The exploration of such gaps is, however, a fundamental starting point for the application of procedural teaching about democracy and civic culture (Davies – Gregory – Riley, 1999; Weinberg – Flinders, 2018).

The goal is to present and understand citizenship not as a limited sum of eternal values and personal attributes, but more as a contextual set of behaviours that emerge and remain fully dependent on various political contents. Although the same or a similar understanding of togetherness and collective responsibility can be contemplated, we must leave the artificial and black-and-white interpretation of national (civil) heroes aside. A good citizen is no longer the representative of a cult of historical (mis)interpretation of flawless “robots,” but anyone who respects the basic Aristotelian concept of polis, i.e. a community in which all members are mutually responsible not only for each other, but for the collective as a whole.

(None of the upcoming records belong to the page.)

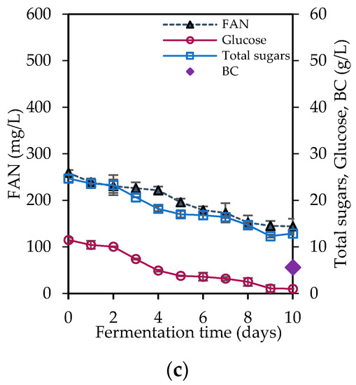Figure 5. Bacterial cellulose (BC) production and kinetics of sugars and free amino nitrogen (FAN) consumption, using different cheese whey (CW) hydrolysates. (a) Hydrolysate A; (b) Hydrolysate B; (c) Hydrolysate C.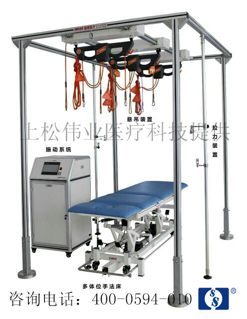 S-E-T懸吊系統是主體部分,振動系統、多體位治療床配合懸吊系統協同工作,從而達到預防、治療肌肉與骨骼系統疾病的目的。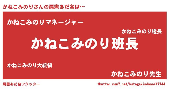 | 意味不明あだ名 | 『とにかく怪しいかねこみのり』 |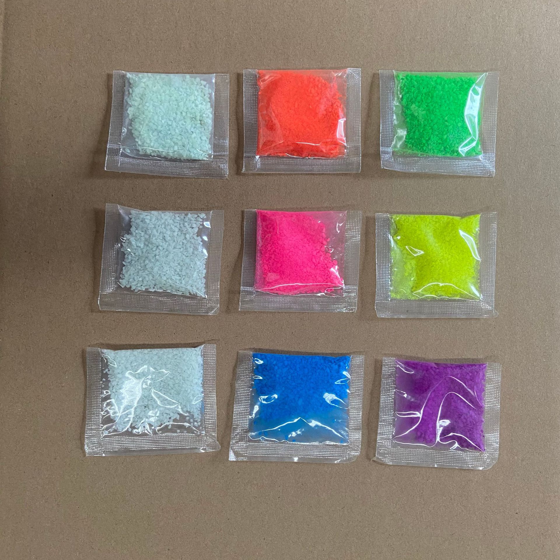 10 г * желто-зеленый свет; 10 г* сине-зеленый свет; 10 г * небесно-голубой свет; 10 г*синий; 10 г*фиолетовый; 10 г*зеленый; 10 г*жёлтый; 10 г*розовый; 10 г*оранжево-красный; 10 г*апельсин

It is precisely the community that determines the individual’s liberty and equal rights as well as fosters a common mentality and identity. Preserving the rights and privileges of the individual versus ensuring that the duties and responsibilities to society are carried out is a conflict as old as civilization itself. Yet these two goals are not only not mutually exclusive, but wholly interdependent on each other.

Hence, there is no space for connecting the concept of good citizenship in the educational process with any kind of particular ideological, religious or moral motives. Civic education is not (or no longer) about presenting these kinds of meanings and definitions, but about understanding ongoing processes, e.g. with regard to an overlapping consensus that is created and maintained deliberatively (Rawls, 1987). The question of who is or is not a good citizen thus should not be presented to students with one ultimate answer, as the assessment is based on never-ending sets of negotiations, theoretical reflections and adjusted public behaviours.

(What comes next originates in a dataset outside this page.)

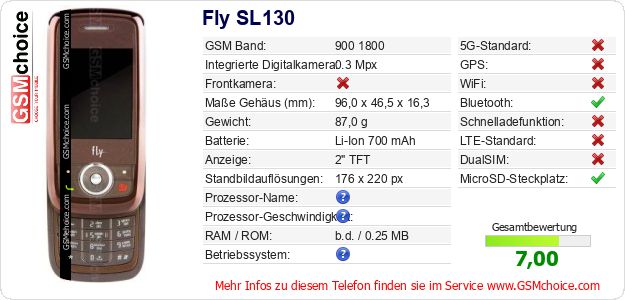 Hast du eigene Webseite? Willst du die Informationen über Standarddaten des Handys Fly SL130 irgendwo veröffentlichen? Das ist sehr einfach. Du kannst das Bild herunterladen oder kopieren und auf der Webseite folgenden Code hinzufügen:Das Einfügen von diesem Code verursacht das Anzeigen von dem folgenden Bild:

As Ernst Renan famously identified the preservation of national identity with collective willingness and an imaginary everyday plebiscite (Renan, 1939) which enables national togetherness to be permanently and regularly contested, the same can be said for the concept of good citizenship.

Moreover, another advantage of the procedural model of teaching democracy is that it fosters an ability to avoid anachronist and ideological interpretations of both historical cases as well as contemporary social issues such as the definition of the nation or preferred foreign policies. The essence of good citizenship is thus identified not with ideal content and the worldviews of the particular received historical and current heroes, but with the question of legitimate civic attitudes and behaviour as well as with willingness to consider the collective impact of one’s individual deeds. By following this line of reasoning, we can avoid situations in which cases of exaggerated collectivism, radical nationalism, xenophobic intolerance or irrational fanaticism could be labelled by students as affirmative examples of desirable civic courage from earlier times.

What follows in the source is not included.